Sony is convinced machine learning and AI can be used to streamline development, and revealed it already leveraged the tech when developing Marvel's Spider-Man 2.

The PlayStation maker shared the tidbit during a recent corporate strategy meeting where it outlined its long-term "Creative Entertainment Vision."

The Japanese company said its 10-year plan will revolve around harnessing technology to "unleash the creativity of creators," connecting diverse people and values to "foster vibrant communities," and creating new experiences that "go beyond imagination."

The company didn't specify which new technologies it's hoping to deploy, but noted it's already using AI tech and machine learning to "support IP value maximization." What does that mean in practice? Sony claims it's about finding new solutions to existing problems so franchises can be "delivered rapidly and at a low cost."

Throwing out an example of that philosophy in action, Sony explained Marvel's Spider-Man 2 developer Insomniac Games recently "utilized machine learning and applied original voice recognition software specialized for gaming" to enable the automatic synchronization of subtitles in certain languages. It's claimed the technique "significantly" shortened the subtitling process by making it easier to sync subs with character dialogue.

There's been plenty of AI chatter at Sony this week. Naughty Dog studio head Neil Druckmann advocated for the tech in an interview published on the company website and claimed it could "revolutionize" development and enable studios to "take on more adventurous projects and push the boundaries of storytelling in games."

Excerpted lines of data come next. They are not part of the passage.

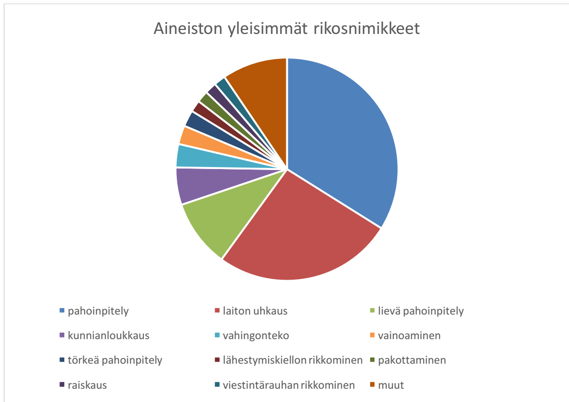
Kuvio 2. Aineiston yleisimmät rikosnimikkeet

Raaka-aineiston käsittelyn jälkeen itse tutkimusaineisto koostui 164 rikosilmoituksesta, joissa oli yhteensä 245 asianomistajaa, 125 epäiltyä ja 312 kpl 45 eri rikosnimikettä. Aineiston yleisimmät rikosnimikkeet olivat perusmuotoinen pahoinpitely (100), laitton uhkaus (77) ja lievä pahoinpitely (29). Lisäksi yleisiä olivat kunnianloukkaus (16), vahingonteko (10), vainoaminen (8), törkeä pahoinpitely (7) sekä lähestymiskiellon rikkominen, pakottaminen, raiskaus ja viestintärauhan rikkominen, joita kutakin oli viidessä ilmoituksessa. Yleisimmät rikosnimikkeet käyvät ilmi kuviosta 2.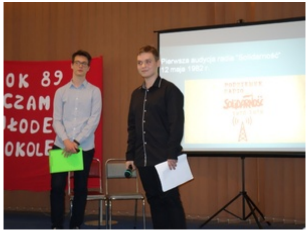
Fot. Witold Sobócki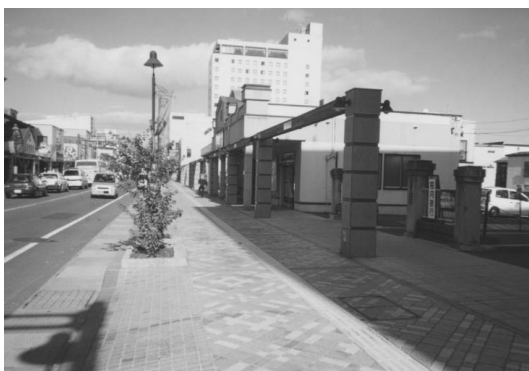
▲街路整備事業が終わった街路

その商店街の通り沿いにある杉見糸店の創業は明治43年で、現在の店舗のあるところで糸の卸売業として創業している。現在の経営者は4代目で学校を卒業した後、東京で衣料品関係の卸会社で修業している。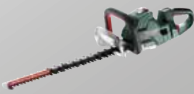
Akkus sövényvágó HS 18 LTX BL 55 50 cm / 3400/min. Rendelési szám: 601722850**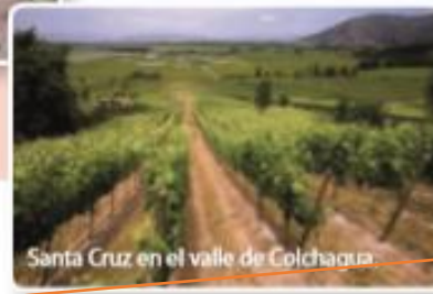
Santa Cruz en el valle de Colchagua

1 ¿Por qué la vegetación es más abundante en esta zona que en la Zona Norte?

He said AI tools could reduce costs and clear technical hurdles for developers, unlocking their creativity in the process. "With AI, your creativity sets the limits. Understanding art history, composition, and storytelling is essential for effective direction. Tools evolve quicklySome tools once essential, now are obsolete," he continued.

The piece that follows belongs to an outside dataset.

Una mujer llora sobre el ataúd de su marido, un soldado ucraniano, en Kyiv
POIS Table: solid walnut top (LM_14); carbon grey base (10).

"At Naughty Dog, we transitioned from hand-animating Jak and Daxter to using motion capture in Uncharted, significantly enhancing our storytelling."

Sony isn't the first video game company to hype AI tech. Other major players like EA and Microsoft are pushing the technology, claiming it'll be a tool that empowers creatives across the industry while lowering costs. Some developers, however, are concerned that wielding AI (specifically the generative variety) as a cost-cutting device will invariably mean layoffs and downsizing.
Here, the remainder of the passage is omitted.